The song comes from the James M. Carpenter collection. James Madison Carpenter (1888-1984) was a Harvard-trained scholar who undertook folksong, and later folk play, collecting in Britain from 1928-1935. His extensive and important collection, now held at the Library of Congress, was never published and Carpenter remained a relatively unknown figure in Anglo-American folksong scholarship.

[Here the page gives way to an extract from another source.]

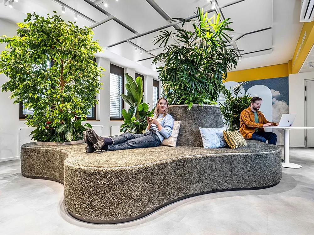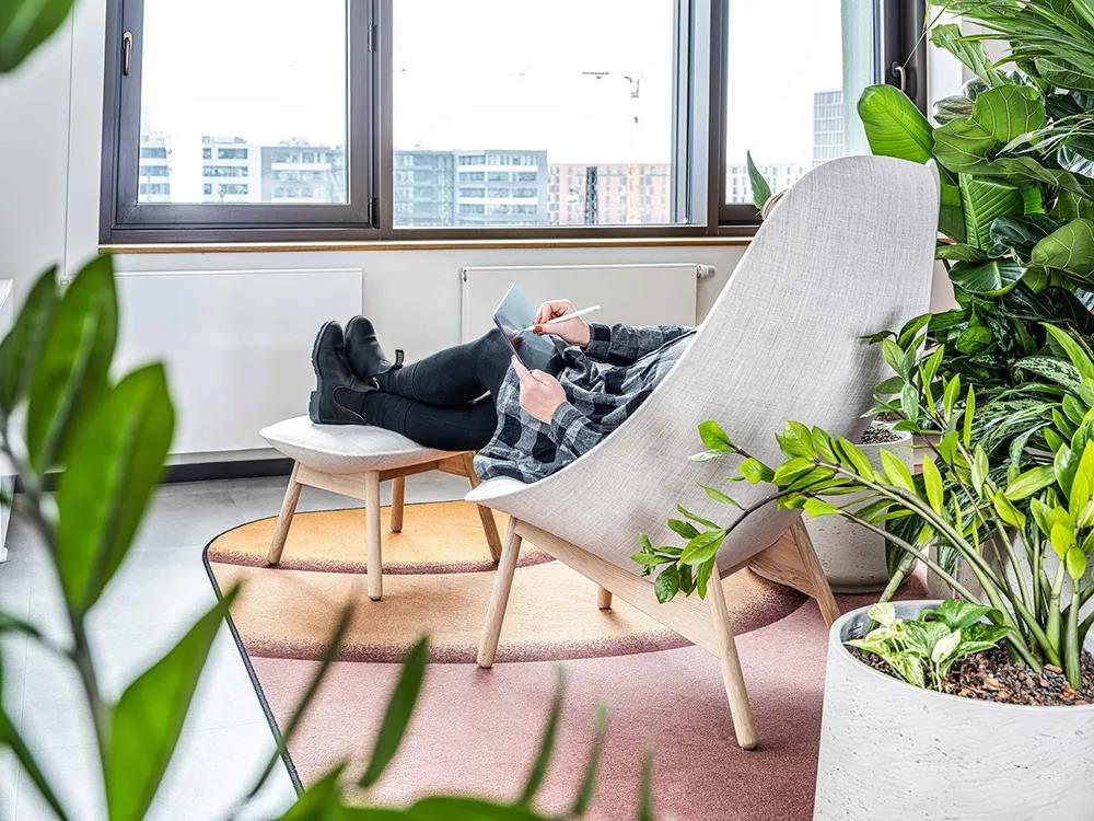 员工可以在任何时候为特定的工作选择一个适合自己的临时工作点——或独自躲在帘幕背后、或坐在黑暗的角落或明媚的阳光下,或者就是站在升降桌前面。

Bob Walser wrote the article 'Here We Come Home In A Leaky Ship!': The Shanty Collection of James Madison Carpenter that appears in the Folk Music Journal, 1988, Volume 7, Number 4, a Special Issue on the James Madison Carpenter Collection. Nothin' But A Humbug was collected from Welsh singer Rees Baldwyn. Carpenter notes that "Mr. Baldwyn learned this from the Negro singers in Savannah and New Orleans. The words 'Dandy Jim from North Carolina' are echoes from a minstrel song of about 65 or 70 years ago. It is sung with much emphasis and force."
Walser says, in his article, "according to Carpenter, two 'Negro pile drivers of the southern ports' used this song to coordinate their rhythm as they alternately struck the same pile with two sledges. The simple words, as well as the straightforward alternation of the two parts, suggested the song could have been used at sea for halyard work. The application was tested by attempting to use the song at halyards aboard the full-rigged ship Joseph Conrad at Mystic Seaport where sail-setting demonstrations are performed daily during the summer months. In that context it was found that the short verses ending with rests left a relatively long moment without metrical information before the chorus, making it difficult for the chorus to enter together. How, then, did Rees Baldwin maintain this song in his repertoire? Did he simply remember it after hearing the pile drivers sing it, perhaps only one time, or did he use it at sea for some task other than halyards? As Hugill wrote, 'in talking about shanties and shantying one cannot be too dogmatic'. Perhaps Baldwyn found his own particular use for this song and thus preserved it in memory until Carpenter, in his turn, could preserve it in sound and manuscript."